Our study had some limitations. First, the relationship between blood glucose control and MASLD in normal-weight patients, as well as the association with all the other factors, cannot be considered causal because of the cross-sectional study design. Therefore, the possible bidirectional relationship where hyperglycemia promotes liver fat accumulation and, conversely, MASLD contributes to worsening glycemic control should be considered [33]. Second, potential confounding factors, such as dietary habits and physical activity level, were not examined. Furthermore, although being a large sample size cohort, the study population was from a tertiary care center, which makes it difficult to rule out selection bias. Finally, MASLD was detected by indirect indices. In this regard, although liver biopsy represents the gold standard for the diagnosis of MASLD, it is not feasible in epidemiological studies. Among several indices, based on non-invasive measures and easily performed in clinical practice, proposed for the diagnosis of MASLD [34, 35], HSI and FLI were used in several epidemiological studies investigating the presence of MASLD in patients with T1D [32, 36,37,38,39]. With this regard, these indices were also validated against Magnetic Resonance Imaging in patients with T1D, showing a good sensitivity [31]. Of note, HSI has been used in a very recent study performed in a large Italian population of adult patients with T1D showing similar features to our population [39].

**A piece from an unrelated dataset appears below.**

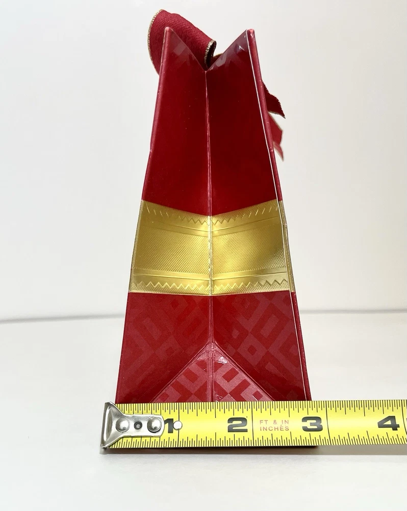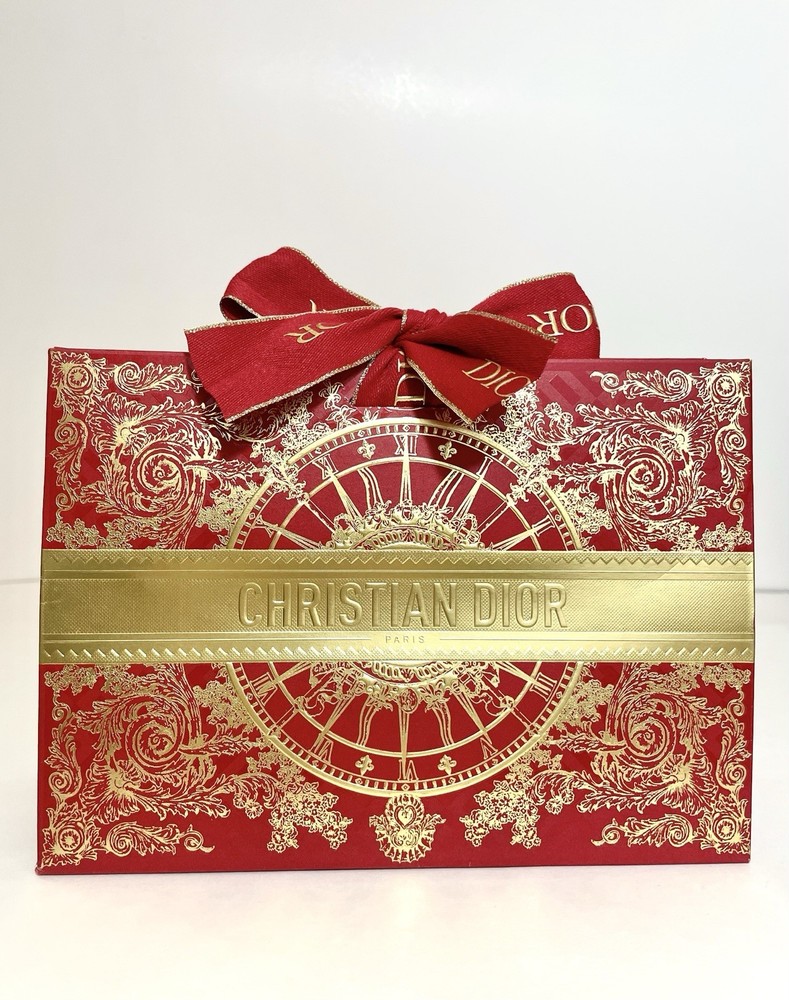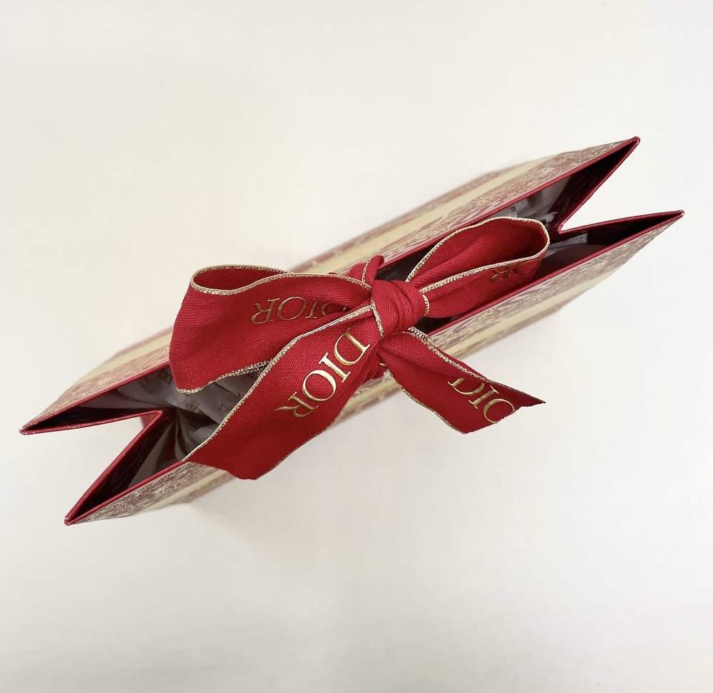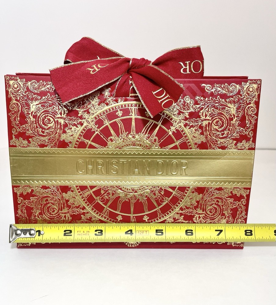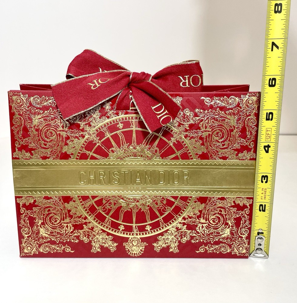This limited edition Dior gift bag is the perfect addition to your luxury shopping experience. Measuring 7.8”x5.8”x2.8”, it is made of high-quality cardboard, cloth, and paper materials, and features a stunning red and gold color scheme. Whether you're celebrating an occasion or simply want to add some extra touch to your gifts, this Dior gift bag is the way to go.

These limitations are compensated by several strengths: a large sample size, a well-defined population of patients with T1D routinely observed in clinical practice, the collection of clinical data according to standard methods, and the biochemical measurements performed in a centralized laboratory.

Conclusions

In our study, we show that blood glucose control is a main factor associated with MASLD in adults with T1D, also independently of overweight and obesity. This finding strongly indicates that appropriate therapeutic strategies focused on tight blood glucose control are needed in T1D even for the prevention and treatment of the early stages of MASLD.